═════ EXERCISE DATA ═════

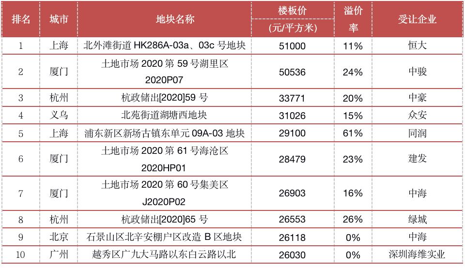 具體來看,單價最高地塊為上海北外灘核心區的稀缺含宅地塊,土地價值極高,最終由恒大以51000元/平方米的價格競得,溢價率11%;門檻地塊位于廣州越秀區,平均樓板價為26030元/平方米。
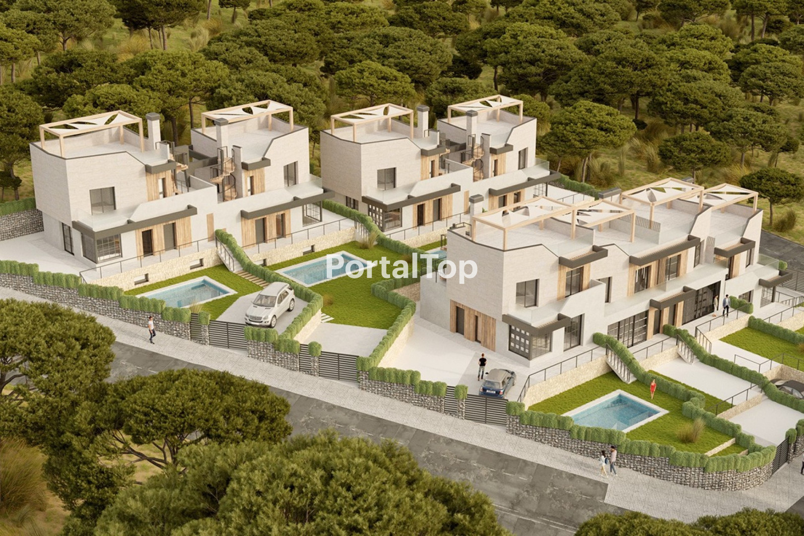 Costa Blanca Eiendom presenta un nuevo complejo residencial que destaca por su diseño moderno, distribución eficiente y ubicación privilegiada. Este exclusivo conjunto, compuesto por 8 villas pareadas, ha sido concebido para ofrecer el máximo confort, amplitud y privacidad, integrando de forma armónica los espacios interiores y exteriores. Las viviendas se distribuyen en dos plantas y cuentan con 3 dormitorios dobles con armarios empotrados y 2 baños completos. El amplio salón-comedor se integra con una cocina abierta totalmente equipada con electrodomésticos de alta gama. Los interiores han sido diseñados para aprovechar al máximo la luz natural, creando una atmósfera cálida y funcional en cada estancia. Las parcelas, que alcanzan hasta los 412 m2, están completamente valladas e incluyen una zona de aparcamiento privada. Cada villa dispone de una piscina privada de 3,5 x 6 metros, ideal para disfrutar del clima mediterráneo todo el año. Además, un amplio solárium en la azotea ofrece vistas despejadas a las montañas y constituye un espacio exterior ideal para relajarse. Algunas tipologías incluyen un semisótano de 77 m2 con luz natural, un espacio versátil que puede adaptarse como sala de ocio, dormitorios adicionales o segundo salón, según las necesidades del propietario. Entre los acabados más destacados se incluyen: preinstalación de aire acondicionado por conductos (frío/calor), suelo radiante, persianas motorizadas, doble acristalamiento, puerta de entrada de seguridad, paredes lisas y materiales de alta calidad en toda la vivienda. El residencial se encuentra en Pilar de la Horadada, una tranquila zona residencial con todos los servicios esenciales a poca distancia. Esta localidad ofrece una excelente calidad de vida gracias a su cercanía al mar, zonas verdes, colegios, instalaciones deportivas y campos de golf. Su ubicación estratégica permite además un acceso rápido a las playas del Mediterráneo y a los principales núcleos urbanos de la Costa Blanca. Memoria de calidades: Cimentación combinada con estructura metálica y de hormigón conforme al CTE. Fachadas con acabado monocapa, revestimiento cerámico imitación madera e aislamiento térmico. Cerramientos exteriores en termoarcilla y tabiques interiores en yeso laminado con aislamiento de lana mineral. Revestimientos interiores con gres cerámico en baños y pintura lisa en paredes y techos. Carpintería exterior en PVC gris antracita con doble acristalamiento y persianas motorizadas. Cocina Porcelanosa completamente equipada con encimera de Silestone y electrodomésticos incluidos. Baños con sanitarios de porcelana vitrificada, mamparas de ducha, espejos y grifería termostática. Climatización mediante preinstalación de aire por conductos y calefacción por suelo radiante. Agua caliente sanitaria mediante bomba de calor aerotérmica. Instalación eléctrica completa con red de telecomunicaciones. Piscina privada de 6 x 3,5 metros con zona de playa poco profunda. Este proyecto es ideal para quienes buscan una vivienda moderna y confortable con prestaciones de alto nivel, ya sea como residencia principal, segunda vivienda o inversión en una de las zonas con mayor proyección de la Costa Blanca. Póngase en contacto con nosotros para más información o para concertar una visita sin compromiso a esta exclusiva promoción.
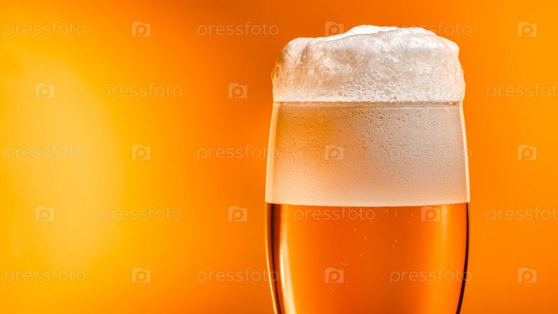 Светлое пиво оседает в бокале с белой шапкой пены
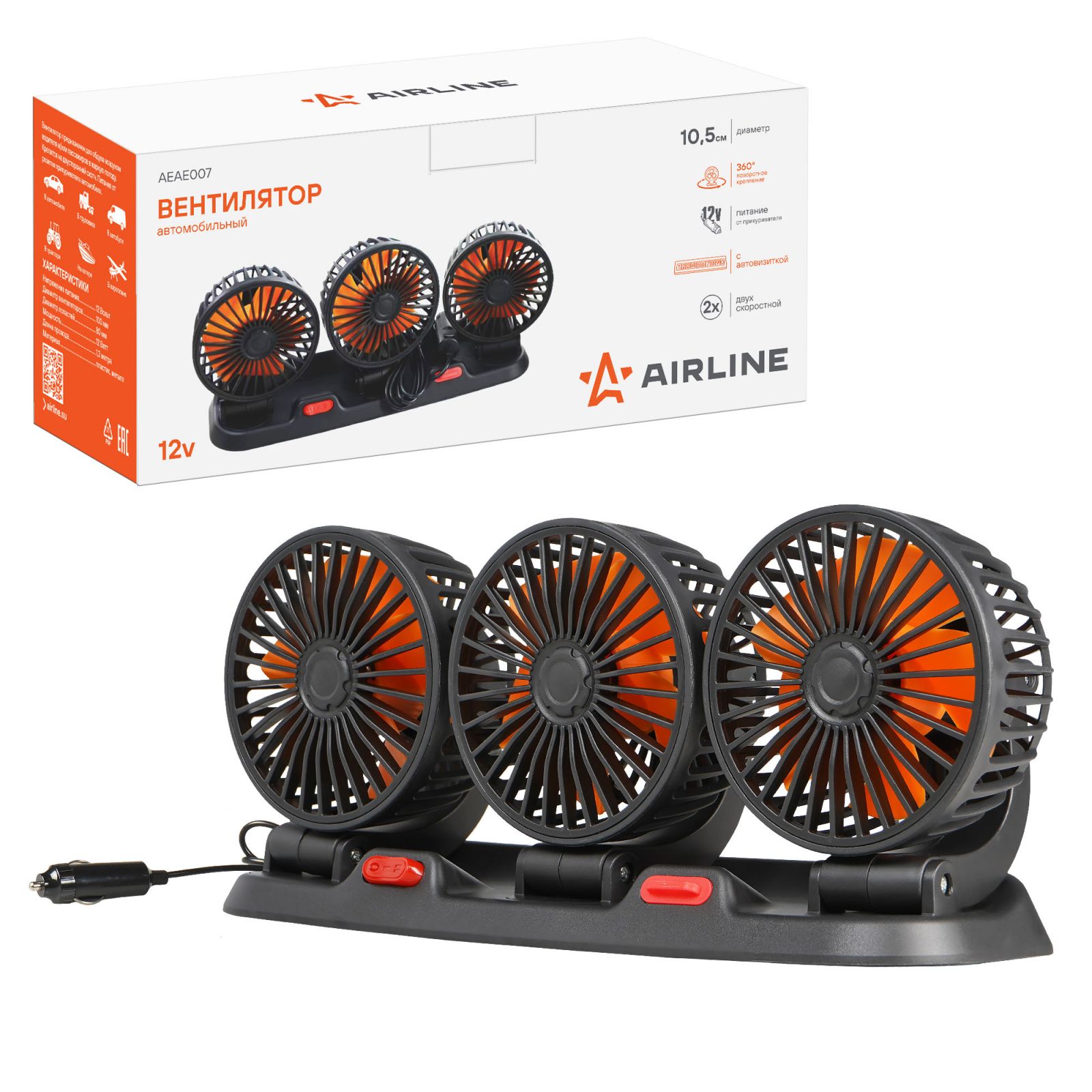 Вентилятор в салон тройной поворотный 360, 3x10.5см, 12В, общая регулировка, скотч (AEAE007)

═════

AIM OF THE TASK: When you copy the data, keep every line exact and leave out each picture.

TASK RESULT:
 具體來看,單價最高地塊為上海北外灘核心區的稀缺含宅地塊,土地價值極高,最終由恒大以51000元/平方米的價格競得,溢價率11%;門檻地塊位于廣州越秀區,平均樓板價為26030元/平方米。
 Costa Blanca Eiendom presenta un nuevo complejo residencial que destaca por su diseño moderno, distribución eficiente y ubicación privilegiada. Este exclusivo conjunto, compuesto por 8 villas pareadas, ha sido concebido para ofrecer el máximo confort, amplitud y privacidad, integrando de forma armónica los espacios interiores y exteriores. Las viviendas se distribuyen en dos plantas y cuentan con 3 dormitorios dobles con armarios empotrados y 2 baños completos. El amplio salón-comedor se integra con una cocina abierta totalmente equipada con electrodomésticos de alta gama. Los interiores han sido diseñados para aprovechar al máximo la luz natural, creando una atmósfera cálida y funcional en cada estancia. Las parcelas, que alcanzan hasta los 412 m2, están completamente valladas e incluyen una zona de aparcamiento privada. Cada villa dispone de una piscina privada de 3,5 x 6 metros, ideal para disfrutar del clima mediterráneo todo el año. Además, un amplio solárium en la azotea ofrece vistas despejadas a las montañas y constituye un espacio exterior ideal para relajarse. Algunas tipologías incluyen un semisótano de 77 m2 con luz natural, un espacio versátil que puede adaptarse como sala de ocio, dormitorios adicionales o segundo salón, según las necesidades del propietario. Entre los acabados más destacados se incluyen: preinstalación de aire acondicionado por conductos (frío/calor), suelo radiante, persianas motorizadas, doble acristalamiento, puerta de entrada de seguridad, paredes lisas y materiales de alta calidad en toda la vivienda. El residencial se encuentra en Pilar de la Horadada, una tranquila zona residencial con todos los servicios esenciales a poca distancia. Esta localidad ofrece una excelente calidad de vida gracias a su cercanía al mar, zonas verdes, colegios, instalaciones deportivas y campos de golf. Su ubicación estratégica permite además un acceso rápido a las playas del Mediterráneo y a los principales núcleos urbanos de la Costa Blanca. Memoria de calidades: Cimentación combinada con estructura metálica y de hormigón conforme al CTE. Fachadas con acabado monocapa, revestimiento cerámico imitación madera e aislamiento térmico. Cerramientos exteriores en termoarcilla y tabiques interiores en yeso laminado con aislamiento de lana mineral. Revestimientos interiores con gres cerámico en baños y pintura lisa en paredes y techos. Carpintería exterior en PVC gris antracita con doble acristalamiento y persianas motorizadas. Cocina Porcelanosa completamente equipada con encimera de Silestone y electrodomésticos incluidos. Baños con sanitarios de porcelana vitrificada, mamparas de ducha, espejos y grifería termostática. Climatización mediante preinstalación de aire por conductos y calefacción por suelo radiante. Agua caliente sanitaria mediante bomba de calor aerotérmica. Instalación eléctrica completa con red de telecomunicaciones. Piscina privada de 6 x 3,5 metros con zona de playa poco profunda. Este proyecto es ideal para quienes buscan una vivienda moderna y confortable con prestaciones de alto nivel, ya sea como residencia principal, segunda vivienda o inversión en una de las zonas con mayor proyección de la Costa Blanca. Póngase en contacto con nosotros para más información o para concertar una visita sin compromiso a esta exclusiva promoción.
 Светлое пиво оседает в бокале с белой шапкой пены
 Вентилятор в салон тройной поворотный 360, 3x10.5см, 12В, общая регулировка, скотч (AEAE007)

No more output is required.